[edit]
DENL: Diverse Ensemble and Noisy Logits for Improved Robustness of Neural Networks
Proceedings of the 15th Asian Conference on Machine Learning, PMLR 222:1574-1589, 2024.
Abstract
Neural Networks (NN) are increasingly used for image classification in medical, transportation, and security devices. However, recent studies have revealed neural networks’ vulnerability against adversarial examples generated by adding small perturbations to images.
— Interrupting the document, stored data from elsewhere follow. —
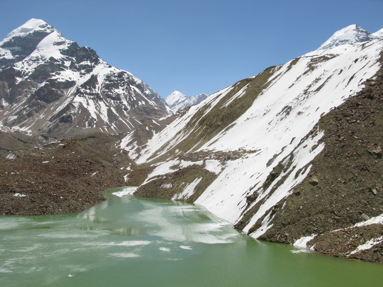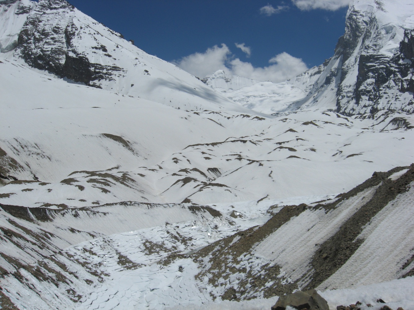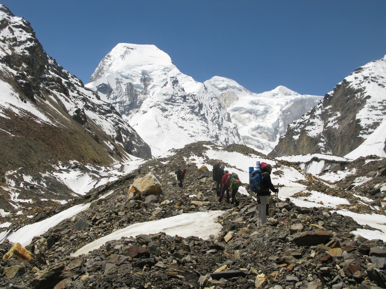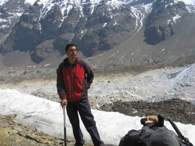 Мы спустились на ледник Ганготри и затем поднялись траверсом через ледники Ганготри и Чатуранга по морене.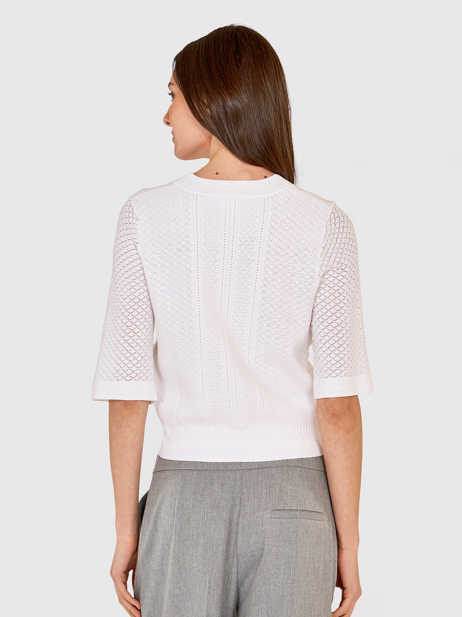Pointelle V-Neck Cardigan in White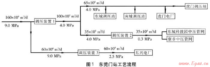 東莞門站工藝流程見圖1。出站的天然氣壓力等級有3種,分別為:①供應(yīng)東城、南城、虎門調(diào)壓站、虎門電廠,處理量為65×104m3/d,由調(diào)壓裝置1實(shí)現(xiàn)壓力由9.0MPa降至4.0MPa;②供應(yīng)東城科技園、寮步中壓管網(wǎng),處理量為35×104m3/d,由調(diào)壓裝置2實(shí)現(xiàn)壓力由4.0MPa降至0.3MPa;③供應(yīng)東興電廠(每天發(fā)電時間為16h左右),處理量為60×104m3/d,由調(diào)壓裝置3實(shí)現(xiàn)壓力由9.0MPa降至2.5MPa。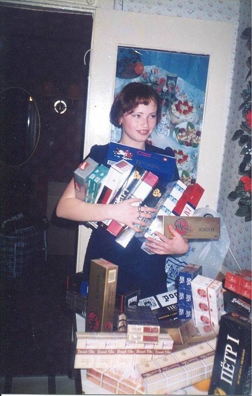 Владелица табачной палатки проводит инвентаризацию у себя дома, 1998 год.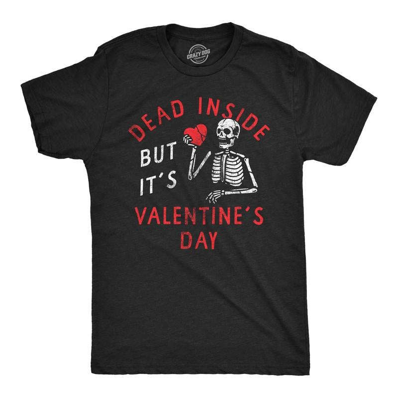 Mens Dead Inside But Its Valentines Day T Shirt Funny Depressed Skeleton Joke Tee For Guys Mens Funny T Shirts Cool Tees Soft Stylish Casual Menswear Love Apparel for Men Funny Sarcastic Short Sleeve Black -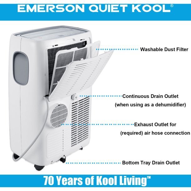 Enjoy flexible, energy-saving, spot cooling with the Emerson Quiet Kool portable air conditioner. With the included window venting kit, it can be easily installed and put into operation anywhere. Using auto evaporation technology, our portable air conditioner also functions as a dehumidifier by reducing unwanted moisture in the air without any necessary drainage. Convenient features include a remote control, 24-hour on/off timer, and sleep mode. And for Peace of mind, you get our 1-2-5 years warranty: 1 year labor, 2 years parts and 5 years compressor. Emerson Quiet Kool air conditioners are a great way to beat the heat and stay comfortable.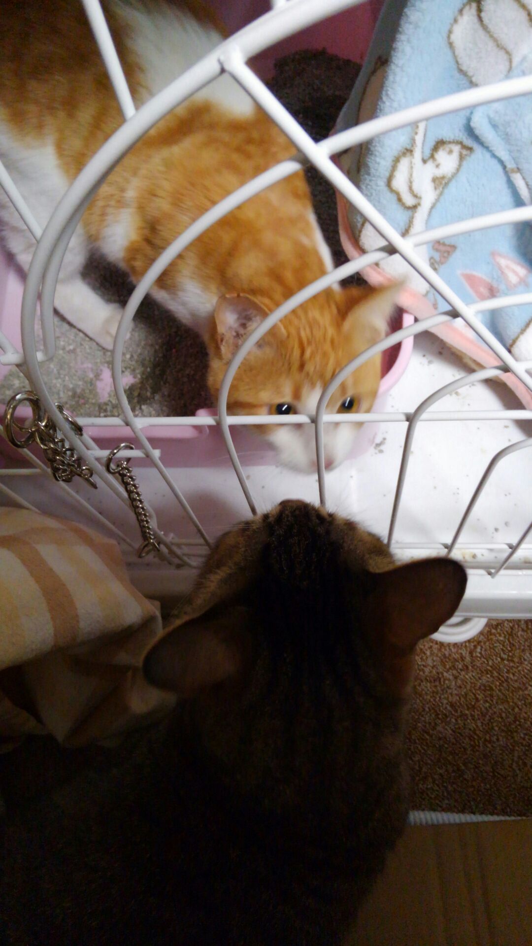 ゲージを覆っていた布を外して同室の四匹とさりげなく互いの存在をわかるようにしました。

These malicious samples are imperceptible by human eyes, but can give rise to misclassification by NN models. Defensive distillation is a defence mechanism in which the NN’s output probabilities are scaled to a user-defined range and used as labels to train a new model less sensitive to input perturbations. Despite initial success, defensive distillation was defeated by state-of-the-art attacks. A proposed countermeasure was to add noise in the inference time to hamper the adversarial attack which also decreased the model accuracy. In this paper, we address this limitation by proposing a two-phase training methodology to defend against adversarial attacks. In the first phase, we train architecturally diversified models individually using the cross-entropy loss function. In the second phase, we train the ensemble using a diversity-promoting loss function. Our experimental results show that our training methodology and noise addition in the inference time improved our ensemble’s resistance against adversarial attacks, while maintaining reasonable accuracy, compared to the state-of-the-art methods.